◆ WORK ORDER
Could you repeat the entries below exactly, but only from the line with "風力発電の風車がいくつも車窓" through the line with "ไฟ LED แถบสำหรับทีวี", and without any picture?

◆ PROVIDED MATERIAL
################
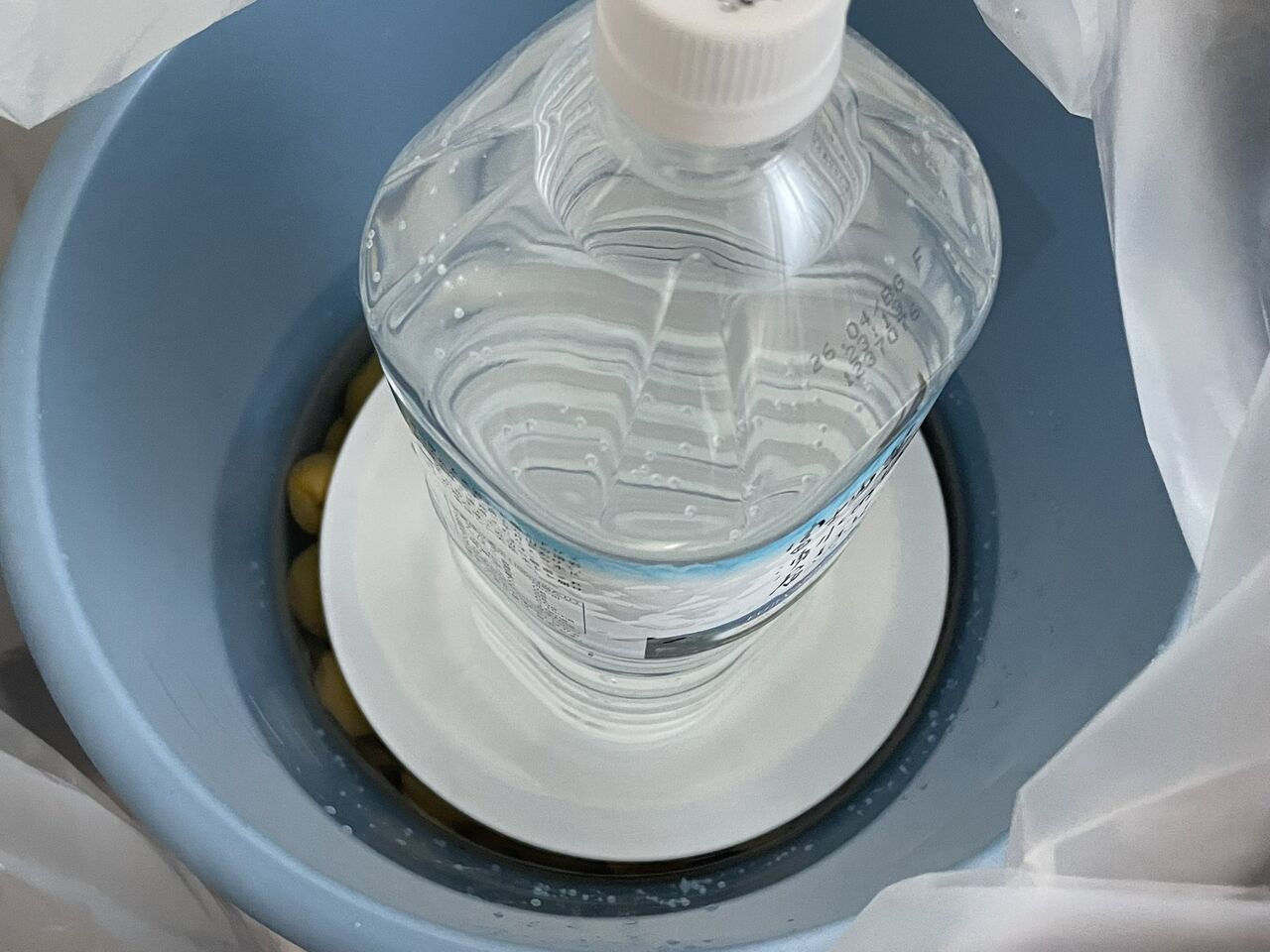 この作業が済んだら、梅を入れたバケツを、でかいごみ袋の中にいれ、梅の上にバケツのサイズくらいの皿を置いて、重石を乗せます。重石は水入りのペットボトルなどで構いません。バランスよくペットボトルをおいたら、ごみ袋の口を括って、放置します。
################
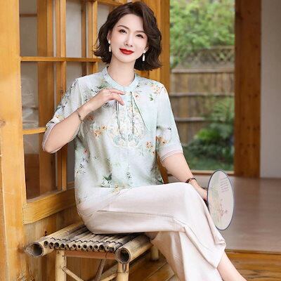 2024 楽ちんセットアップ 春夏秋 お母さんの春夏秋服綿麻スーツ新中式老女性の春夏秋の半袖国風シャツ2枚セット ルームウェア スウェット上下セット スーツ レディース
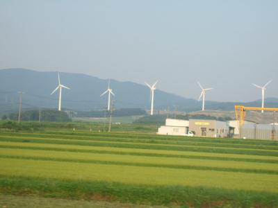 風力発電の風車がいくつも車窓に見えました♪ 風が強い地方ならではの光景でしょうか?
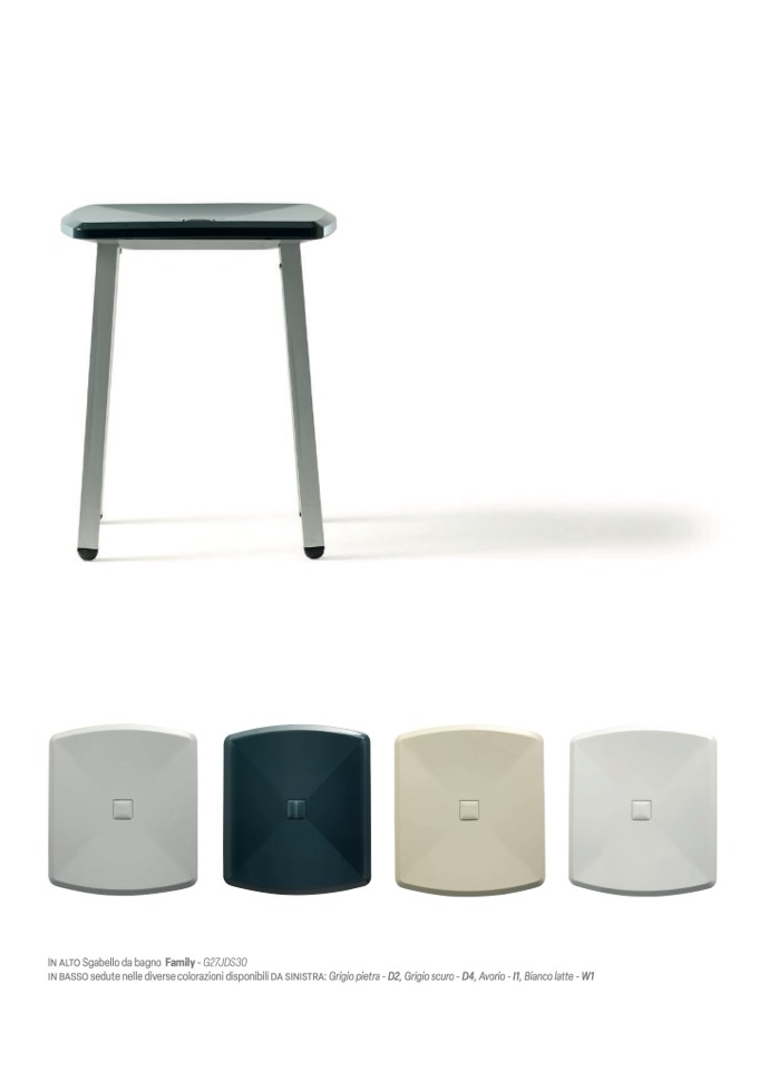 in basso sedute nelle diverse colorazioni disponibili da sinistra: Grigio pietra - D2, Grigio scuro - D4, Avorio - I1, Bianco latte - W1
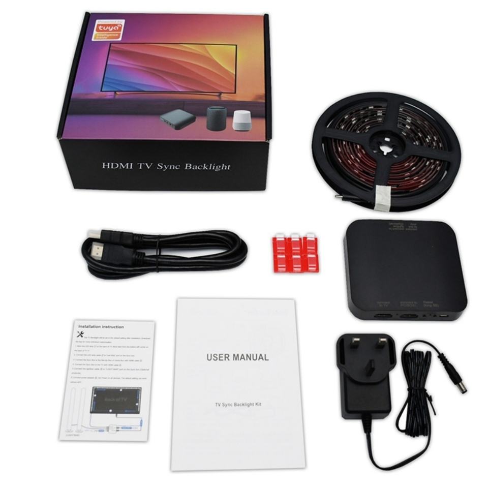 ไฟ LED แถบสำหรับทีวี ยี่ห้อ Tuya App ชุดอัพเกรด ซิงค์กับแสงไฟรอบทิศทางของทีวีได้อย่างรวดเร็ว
################
◆ WRITTEN ANSWER
 風力発電の風車がいくつも車窓に見えました♪ 風が強い地方ならではの光景でしょうか?
 in basso sedute nelle diverse colorazioni disponibili da sinistra: Grigio pietra - D2, Grigio scuro - D4, Avorio - I1, Bianco latte - W1
 ไฟ LED แถบสำหรับทีวี ยี่ห้อ Tuya App ชุดอัพเกรด ซิงค์กับแสงไฟรอบทิศทางของทีวีได้อย่างรวดเร็ว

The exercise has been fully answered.